◆ Your assignment
With the pictures left aside, write out exactly the lines of the listing below from the line with "15 grams of" to the line with "Number of scientific", both included, and only those.

━━━━━ The input ━━━━━

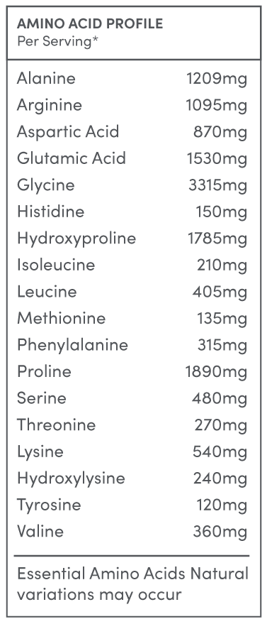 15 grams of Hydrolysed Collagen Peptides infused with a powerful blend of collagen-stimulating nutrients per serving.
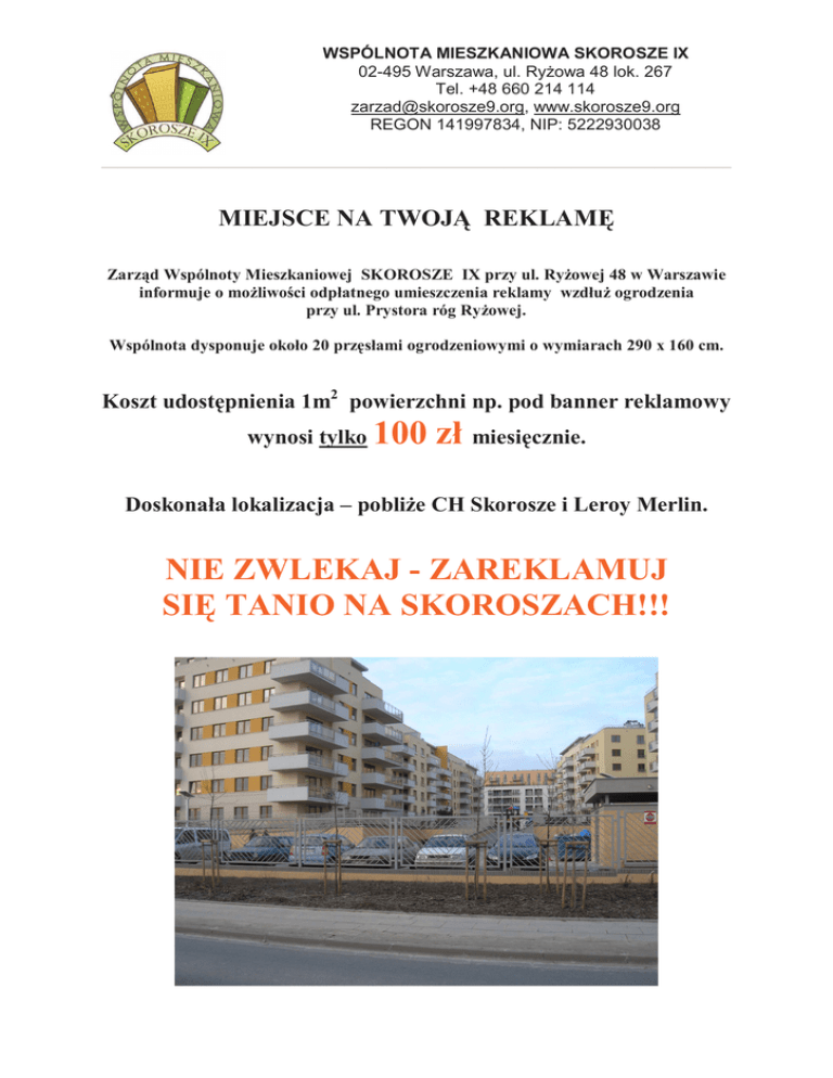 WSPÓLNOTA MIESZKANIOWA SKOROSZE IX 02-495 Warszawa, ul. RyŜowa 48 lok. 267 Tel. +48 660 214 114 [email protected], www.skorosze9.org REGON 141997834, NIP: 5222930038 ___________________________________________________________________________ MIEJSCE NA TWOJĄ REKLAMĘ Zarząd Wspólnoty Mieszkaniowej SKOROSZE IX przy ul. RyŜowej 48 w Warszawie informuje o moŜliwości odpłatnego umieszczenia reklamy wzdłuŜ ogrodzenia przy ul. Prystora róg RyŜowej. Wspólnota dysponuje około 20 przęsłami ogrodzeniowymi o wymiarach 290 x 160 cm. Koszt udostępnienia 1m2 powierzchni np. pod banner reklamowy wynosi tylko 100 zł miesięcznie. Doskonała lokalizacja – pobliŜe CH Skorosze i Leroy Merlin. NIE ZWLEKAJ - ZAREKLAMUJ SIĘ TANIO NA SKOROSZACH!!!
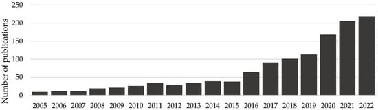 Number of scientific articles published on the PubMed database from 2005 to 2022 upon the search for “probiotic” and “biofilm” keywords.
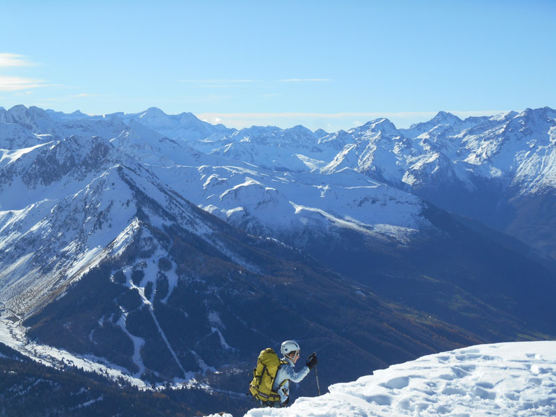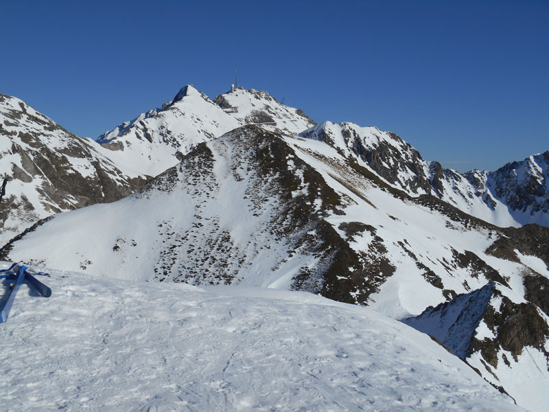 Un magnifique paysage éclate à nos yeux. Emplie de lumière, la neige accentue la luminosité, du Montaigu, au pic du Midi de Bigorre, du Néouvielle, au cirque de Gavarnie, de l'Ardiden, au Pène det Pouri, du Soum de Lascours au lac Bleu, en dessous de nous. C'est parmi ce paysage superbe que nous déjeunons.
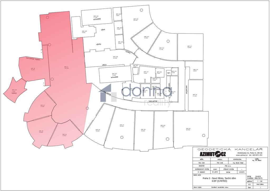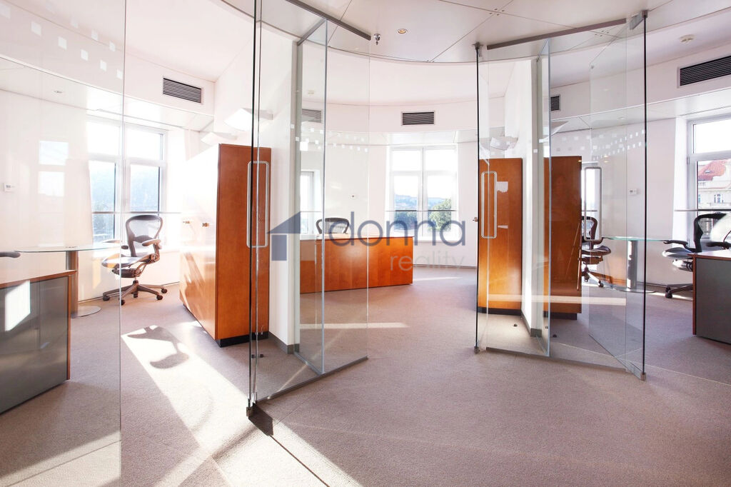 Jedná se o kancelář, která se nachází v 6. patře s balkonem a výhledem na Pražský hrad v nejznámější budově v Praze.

━━━━━
━━━━━ The input ━━━━━

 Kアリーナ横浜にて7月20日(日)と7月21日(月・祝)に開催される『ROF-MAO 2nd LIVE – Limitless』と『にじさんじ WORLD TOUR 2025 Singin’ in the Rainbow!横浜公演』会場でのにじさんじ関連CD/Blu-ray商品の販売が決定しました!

━━━━━
━━━━━ The input ━━━━━

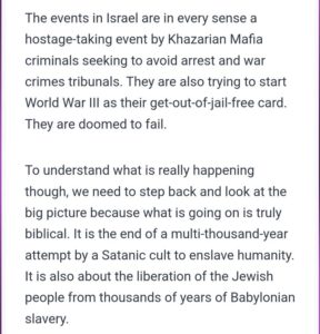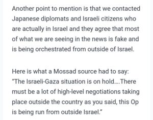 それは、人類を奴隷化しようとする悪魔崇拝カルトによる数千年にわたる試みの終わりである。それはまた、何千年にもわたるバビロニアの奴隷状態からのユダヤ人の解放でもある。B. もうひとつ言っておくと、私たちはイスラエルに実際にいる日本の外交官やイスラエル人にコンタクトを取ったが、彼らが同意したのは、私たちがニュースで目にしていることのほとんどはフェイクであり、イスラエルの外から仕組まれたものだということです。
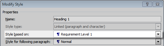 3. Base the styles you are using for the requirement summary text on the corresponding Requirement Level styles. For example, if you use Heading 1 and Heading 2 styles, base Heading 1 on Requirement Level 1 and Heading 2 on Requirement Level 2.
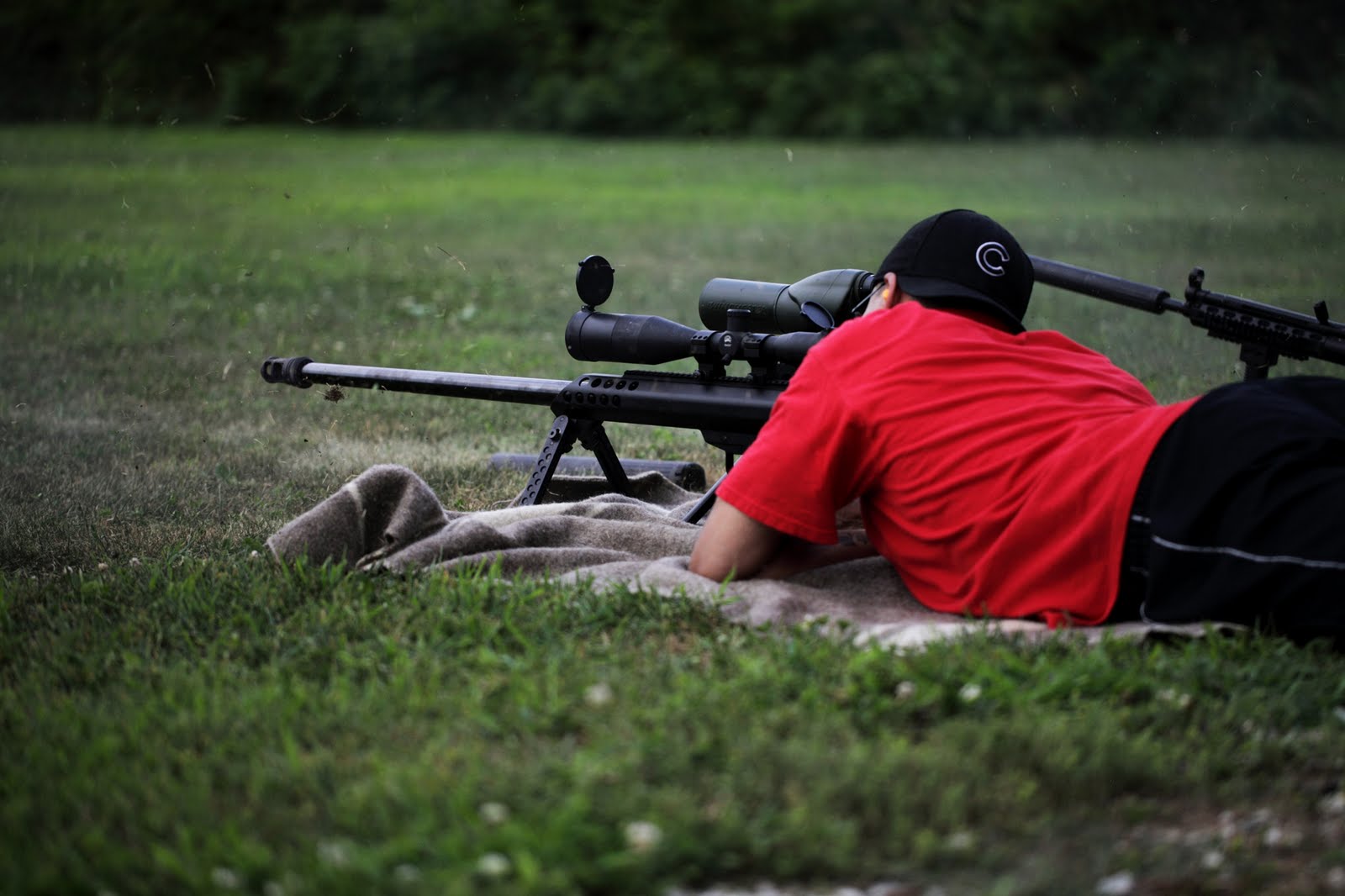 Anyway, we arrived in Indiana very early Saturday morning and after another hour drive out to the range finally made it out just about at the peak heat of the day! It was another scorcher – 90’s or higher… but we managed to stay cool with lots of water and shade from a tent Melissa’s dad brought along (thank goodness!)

━━━━━

◆ Output of the task
 15 grams of Hydrolysed Collagen Peptides infused with a powerful blend of collagen-stimulating nutrients per serving.
 WSPÓLNOTA MIESZKANIOWA SKOROSZE IX 02-495 Warszawa, ul. RyŜowa 48 lok. 267 Tel. +48 660 214 114 [email protected], www.skorosze9.org REGON 141997834, NIP: 5222930038 ___________________________________________________________________________ MIEJSCE NA TWOJĄ REKLAMĘ Zarząd Wspólnoty Mieszkaniowej SKOROSZE IX przy ul. RyŜowej 48 w Warszawie informuje o moŜliwości odpłatnego umieszczenia reklamy wzdłuŜ ogrodzenia przy ul. Prystora róg RyŜowej. Wspólnota dysponuje około 20 przęsłami ogrodzeniowymi o wymiarach 290 x 160 cm. Koszt udostępnienia 1m2 powierzchni np. pod banner reklamowy wynosi tylko 100 zł miesięcznie. Doskonała lokalizacja – pobliŜe CH Skorosze i Leroy Merlin. NIE ZWLEKAJ - ZAREKLAMUJ SIĘ TANIO NA SKOROSZACH!!!
 Number of scientific articles published on the PubMed database from 2005 to 2022 upon the search for “probiotic” and “biofilm” keywords.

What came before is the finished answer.